Work instructions →
Begin at the top of the entries below and write out every line through the one containing "Modern 3-story townhome", excluding pictures.

(Data items)

================================

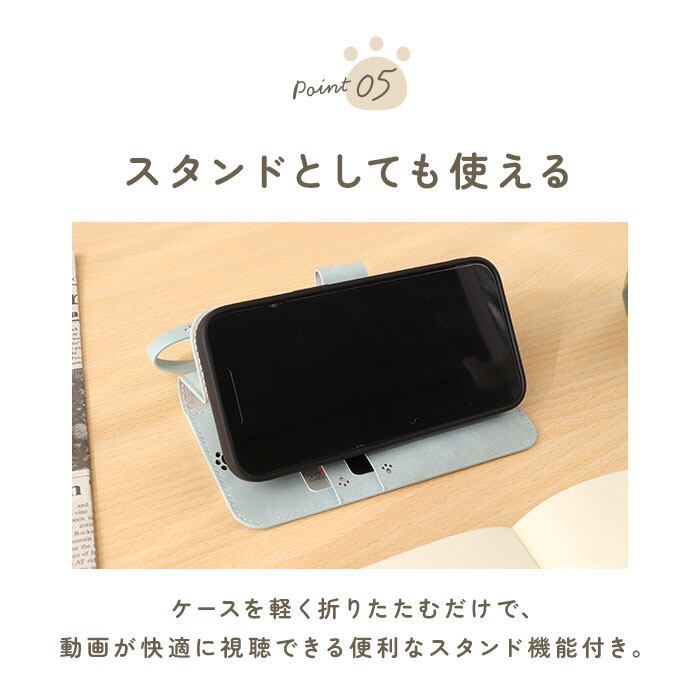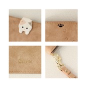 ・フラップ上部にフタを閉じたまま通話ができる、肉球をかたどったスピーカーホール付き。そのほかケースの随所に肉球マークの型押しを施し、細部までこだわったつくりにも要注目。
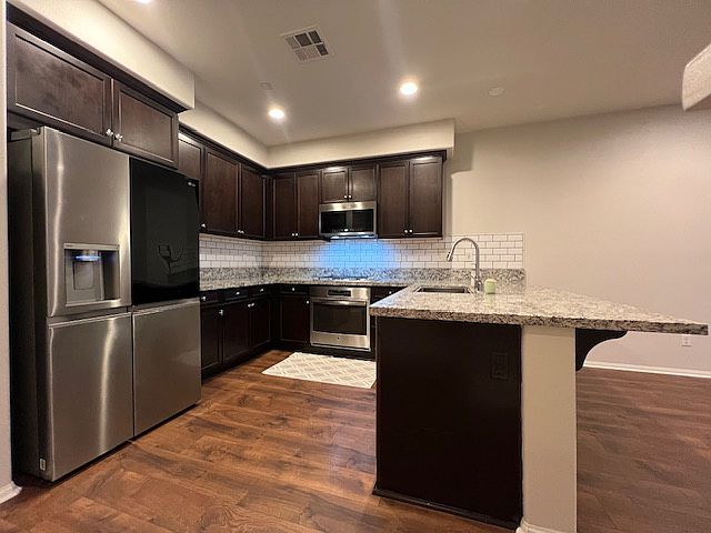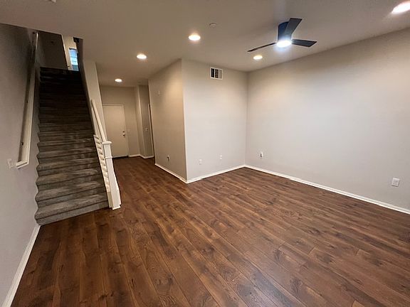 Modern 3-story townhome built in 2016 featuring 3 bedrooms plus a den and 3.5 bathrooms. This well-appointed home includes a brand-new fridge and microwave, in-unit washer and dryer, EV charger ready, epoxy-coated garage flooring, soft water system, and a tankless water heater. Enjoy year-round comfort with dual-zoned AC, dual-paned windows, and ceiling fans in nearly every room. Outdoor spaces include a private balcony and patio, and all bathrooms feature upgraded flooring. Move-in ready with thoughtful upgrades throughout.
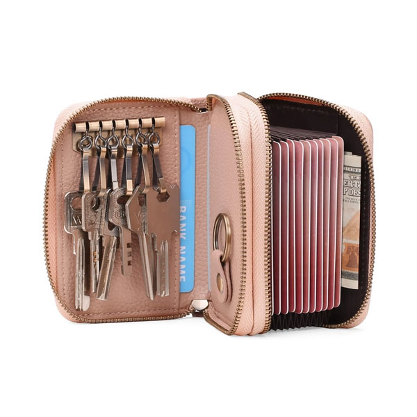 - High-quality Leather Card Holder for Women: The wallet is made of soft premium quality PU leather fabric with a durable vintage brass two-snap button, smooth zipper, and a removable keychain. Soft to the touch, portable, and durable.
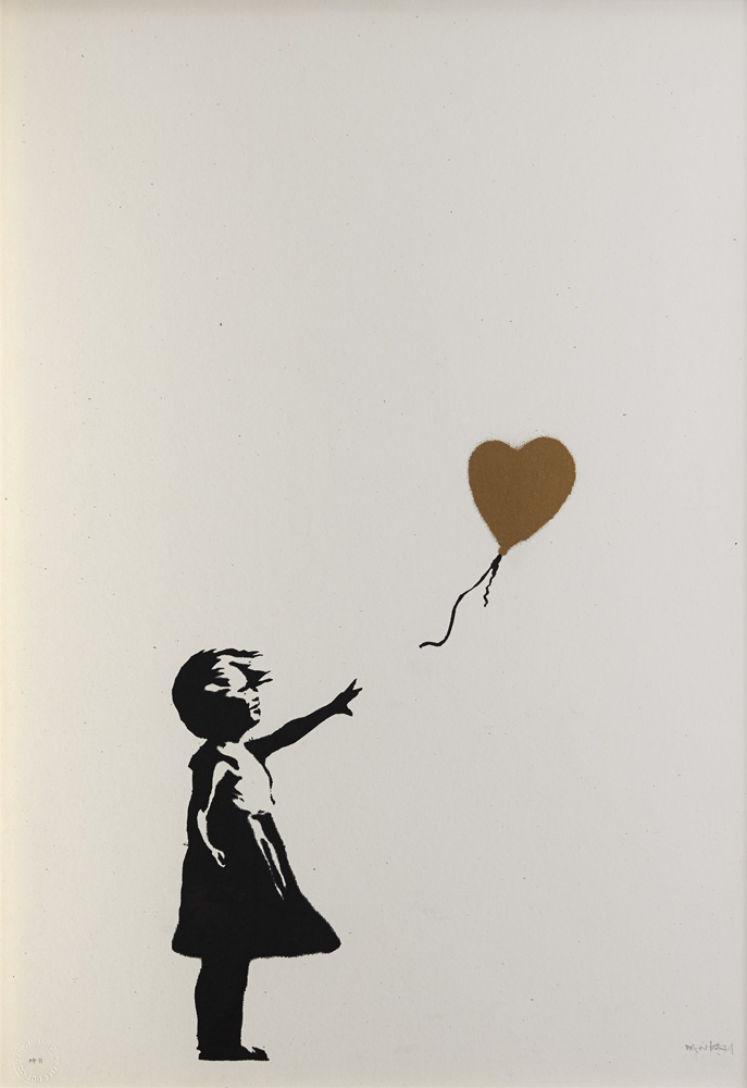 圖:班克斯作品《手持氣球的女孩,藝術家版金色》\主辦方供圖
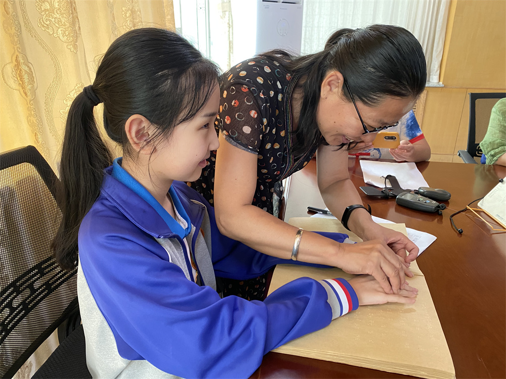 指導團隊首先就俊篪的學習狀況、座位安置、課程設(shè)置、無障礙設(shè)施環(huán)境等問題展開調(diào)研。通過充分訪談俊篪的任課教師、班級同學以及家長,了解到俊篪盲文接觸少的問題,在對她進行專業(yè)視力評估的基礎(chǔ)上,建議加強其盲文和信息技術(shù)課程的學習。盲文的學習是盲生獲取信息的重要渠道,信息技術(shù)的使用則可以幫助他們將學到的知識轉(zhuǎn)化為信息交流,一入一出,幫助他們打通社會交往的障礙。

================================

Response to this task →
 ・フラップ上部にフタを閉じたまま通話ができる、肉球をかたどったスピーカーホール付き。そのほかケースの随所に肉球マークの型押しを施し、細部までこだわったつくりにも要注目。
 Modern 3-story townhome built in 2016 featuring 3 bedrooms plus a den and 3.5 bathrooms. This well-appointed home includes a brand-new fridge and microwave, in-unit washer and dryer, EV charger ready, epoxy-coated garage flooring, soft water system, and a tankless water heater. Enjoy year-round comfort with dual-zoned AC, dual-paned windows, and ceiling fans in nearly every room. Outdoor spaces include a private balcony and patio, and all bathrooms feature upgraded flooring. Move-in ready with thoughtful upgrades throughout.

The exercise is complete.